- Weaver Mountains Location within Arizona

Highest point
- Peak: Weaver Peak
- Elevation: 6,574 ft (2,004 m)
- Coordinates: 34°19′38″N 112°48′36″W﻿ / ﻿34.327247°N 112.809903°W

Dimensions
- Length: 25 mi (40 km) NW-SE
- Width: 12 mi (19 km)

Geography
- Country: United States
- State: Arizona
- Regions: Arizona transition zone and Sonoran Desert
- County: Yavapai
- Settlement: Yarnell
- Range coordinates: 34°13′21″N 112°44′59″W﻿ / ﻿34.22250°N 112.74972°W
- Borders on: Bradshaw Mountains, Hassayampa River and Date Creek Mountains

= Weaver Mountains =

Landform in Yavapai County, Arizona

The Weaver Mountains are a smaller mountain range to the southwest of the Bradshaw Mountains in central-west Yavapai County, Arizona.

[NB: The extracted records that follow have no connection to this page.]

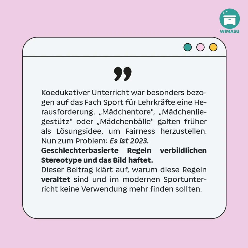 Koedukativer Unterricht war besonders bezogen auf das Fach Sport für Lehrkräfte eine Herausforderung. „Mädchentore“, „Mädchenliegestütz“ oder „Mädchenbälle“ galten früher als „gute“ Idee, um Fairness herzustellen. Nun zum Problem: Es ist 2023. Geschlechterbasierte Regeln verbildlichen Stereotype und das Bild haftet. Dieser Beitrag klärt auf, warum diese Regeln veraltet sind und im modernen Sportunterricht keine Verwendung mehr finden sollten.
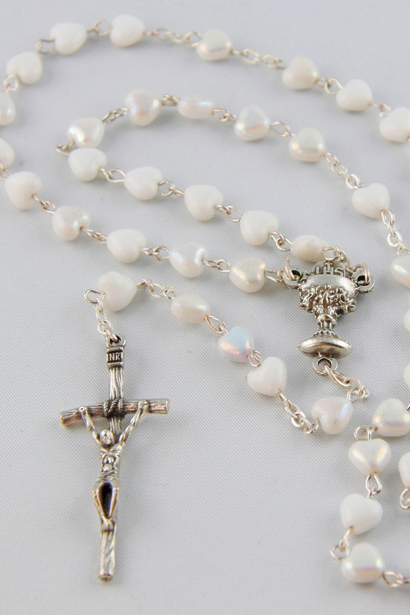 Różaniec komunijny wykonany w Polsce jest niezbędnym elementem uroczystości jaką jest Pierwsza Komunia. Nasze różańce komunijne dla dzieci wykonano z materiałów biżuteryjnych lub drewnianych. Produkt należy do kategorii: Różańce komunijne.
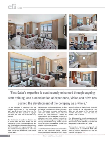 "First Qatar's expertise is continuously enhanced through ongoing staff training, and a combination of experience, vision and drive has pushed the development of the company as a whole." “It was designed to harmonise with the timeless environment of the surrounding sea,” says El-Jarouch. Every element of The Townhouses has been curated to highlight the beach, the views and the five-star luxury lifestyle. The Townhouses are located on the same plot as Hilton Doha The Pearl, divided into two buildings of 51 units. Fully furnished one-, twoand three-bedroom duplexes and penthouses offer impeccable turn-key accessibility – with the benefits of living adjacent to a five-star hotel, sandwiched between the canal and the private beach. 138

Yarnell, at the summit of the Yarnell Hill, Arizona State Route 89, is at the center of the range.

==Description==

The range is northwest–southeast trending, but more due east on the east end. The northeast, east, and southeast is separated from the Bradshaw Mountains by the Hassayampa River. A list of peaks in the range, from the northwest are: Ritter Peak, Weaver Peak, Rocky Boy Peak, Antelope Peak, Rich Hill, Weaver Mountain, and Wades Butte. Sam Powell Peak and Seal Mountain border the Hassayampa River. Weaver Peak is about 7 mi west of Yarnell. At the west and southwest, Cottonwood Creek and a valley separates the Weaver Mountains from a smaller mountain range to the southwest, the Date Creek Mountains.

==History and attractions==

The Weaver Mountains are noted for their mines; also placer gold.